* WHAT IS REQUIRED: Instruction for the entries that follow: retype exactly the lines from the line with "[충청뉴스큐] 논산시는 지난" to the line with "benedict加煙三文魚,另外仲點多左個Yoghurt with granola頂住先。", both included, and omit all others.

* RECORDS FOR THIS TASK:
━━━━━━━━

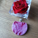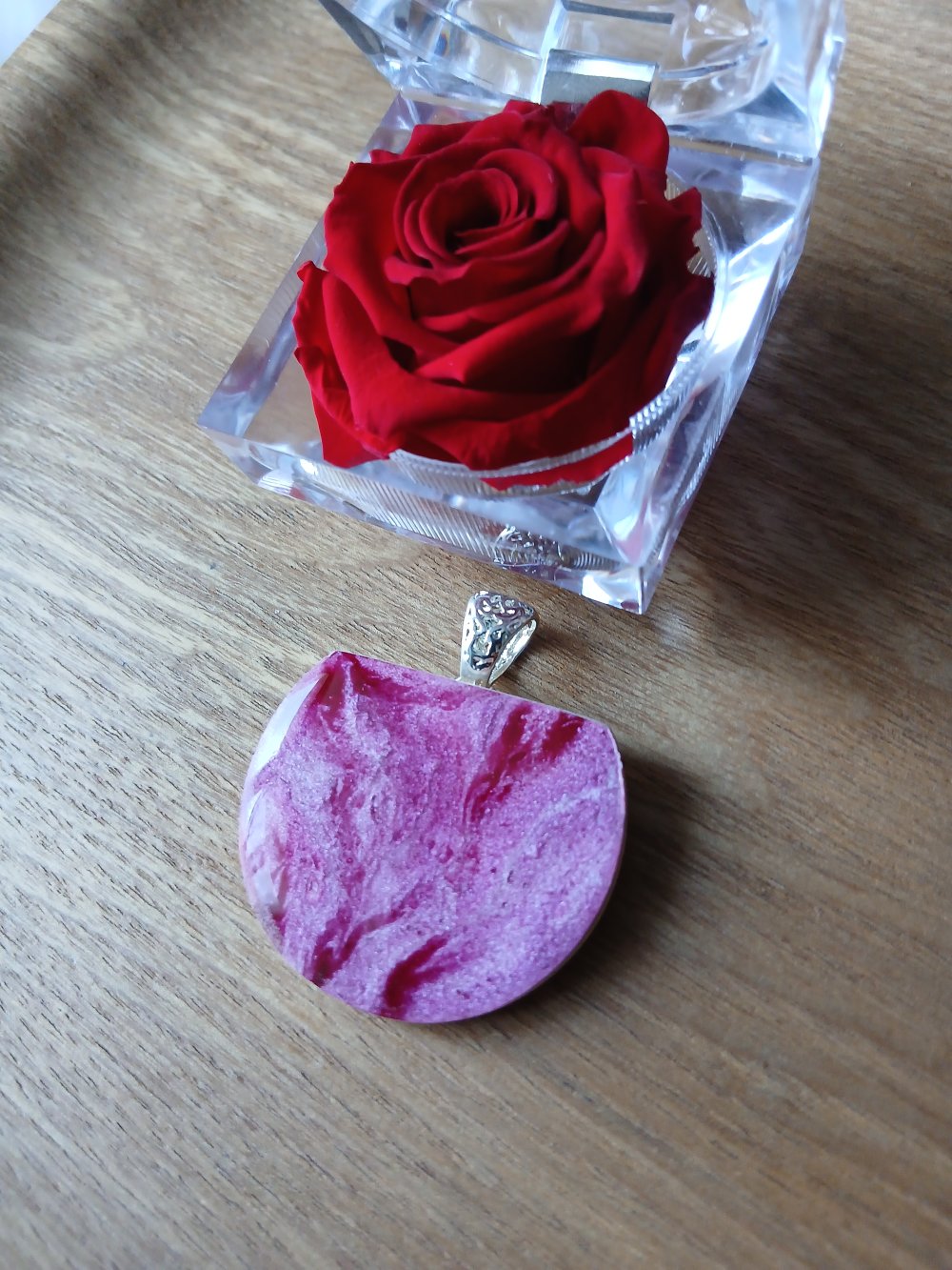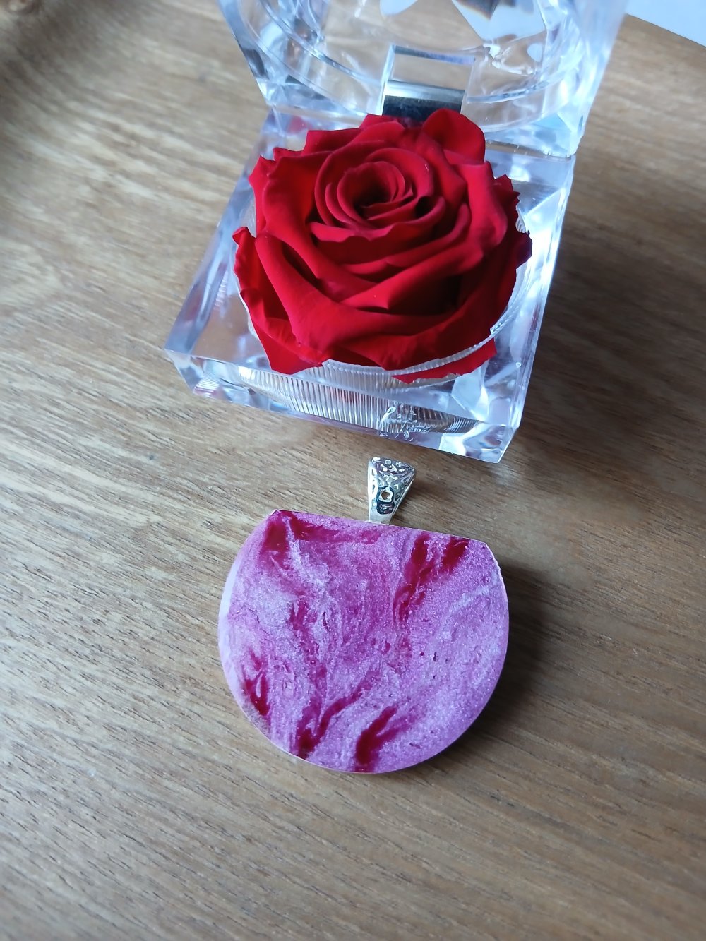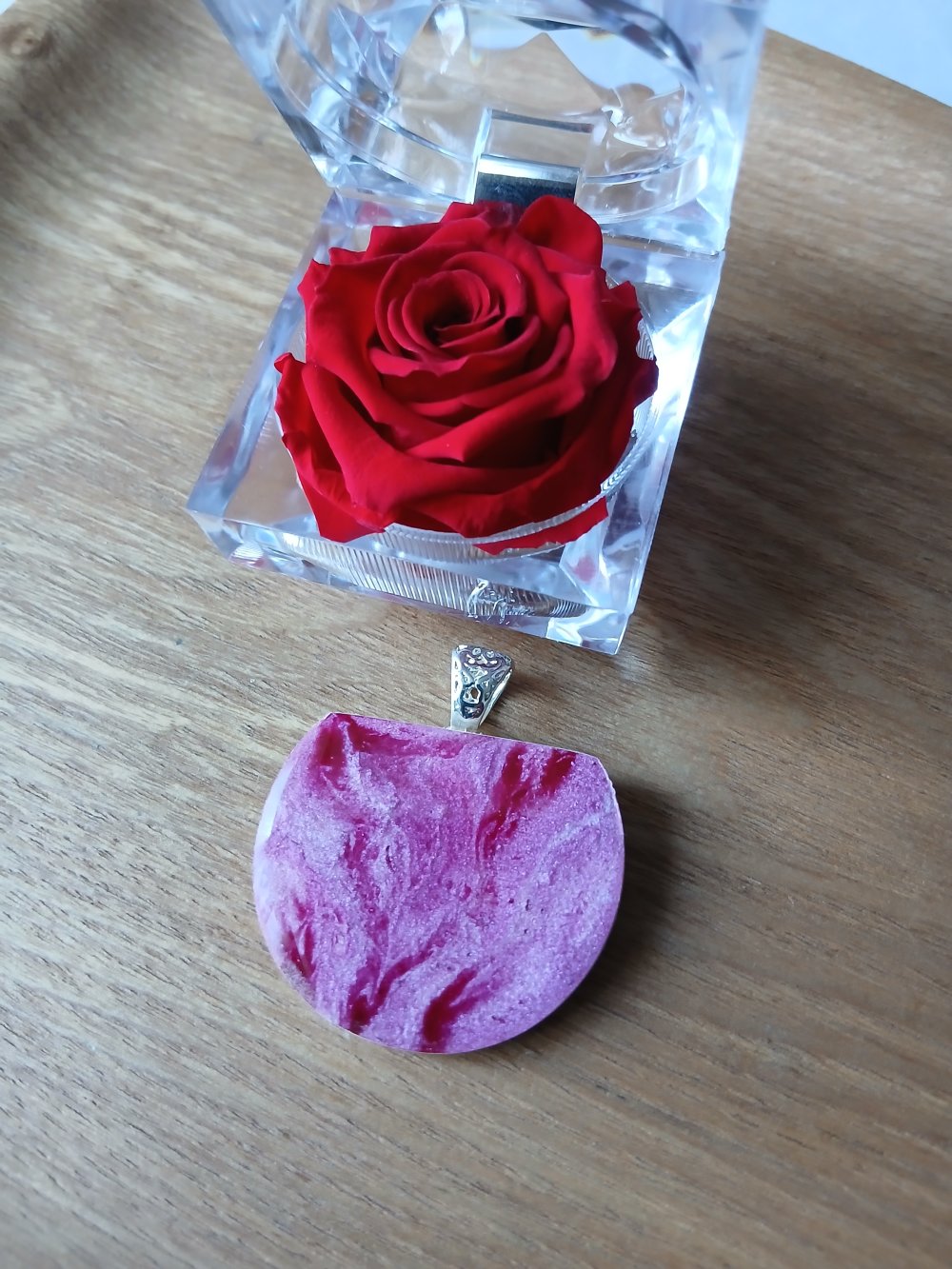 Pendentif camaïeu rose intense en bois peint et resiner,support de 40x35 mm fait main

━━━━━━━━

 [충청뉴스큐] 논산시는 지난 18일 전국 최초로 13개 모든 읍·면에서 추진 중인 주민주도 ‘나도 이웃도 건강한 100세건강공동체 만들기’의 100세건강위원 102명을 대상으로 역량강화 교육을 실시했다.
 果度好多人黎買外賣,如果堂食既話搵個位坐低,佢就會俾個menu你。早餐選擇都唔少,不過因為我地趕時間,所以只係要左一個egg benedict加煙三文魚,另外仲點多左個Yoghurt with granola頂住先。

━━━━━━━━

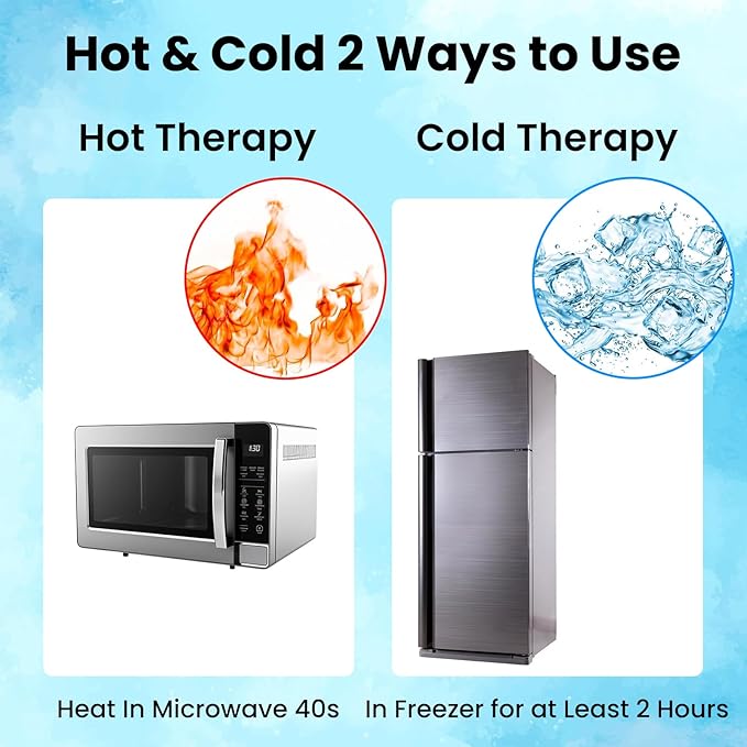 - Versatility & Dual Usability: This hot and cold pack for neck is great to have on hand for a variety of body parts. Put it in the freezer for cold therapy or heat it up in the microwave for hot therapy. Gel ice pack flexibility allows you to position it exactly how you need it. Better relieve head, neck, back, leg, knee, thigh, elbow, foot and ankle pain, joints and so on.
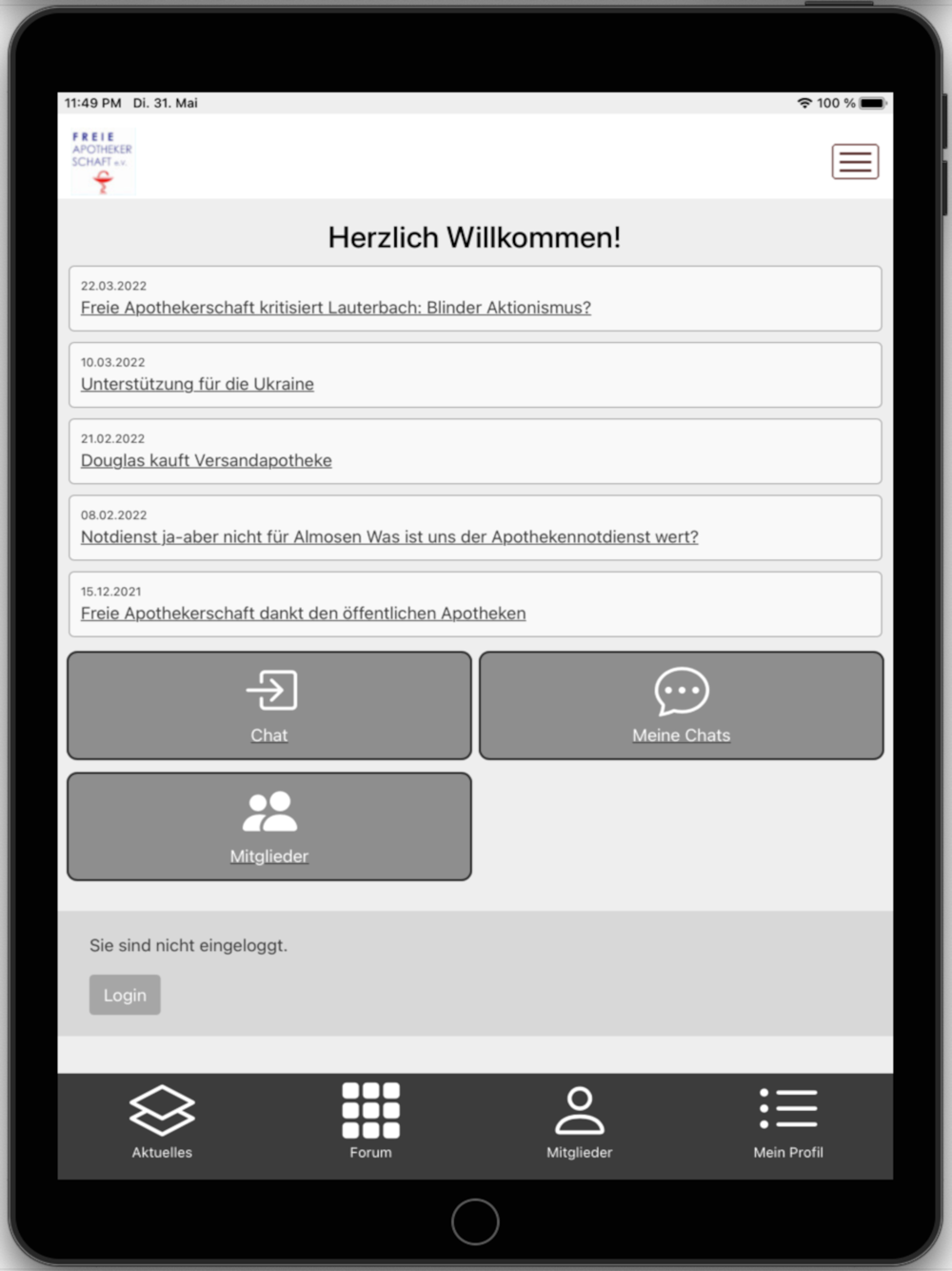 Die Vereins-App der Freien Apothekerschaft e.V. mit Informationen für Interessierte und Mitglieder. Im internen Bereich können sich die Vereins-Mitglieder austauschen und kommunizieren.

━━━━━━━━

* SOLUTION TO THIS PROBLEM:
 [충청뉴스큐] 논산시는 지난 18일 전국 최초로 13개 모든 읍·면에서 추진 중인 주민주도 ‘나도 이웃도 건강한 100세건강공동체 만들기’의 100세건강위원 102명을 대상으로 역량강화 교육을 실시했다.
 果度好多人黎買外賣,如果堂食既話搵個位坐低,佢就會俾個menu你。早餐選擇都唔少,不過因為我地趕時間,所以只係要左一個egg benedict加煙三文魚,另外仲點多左個Yoghurt with granola頂住先。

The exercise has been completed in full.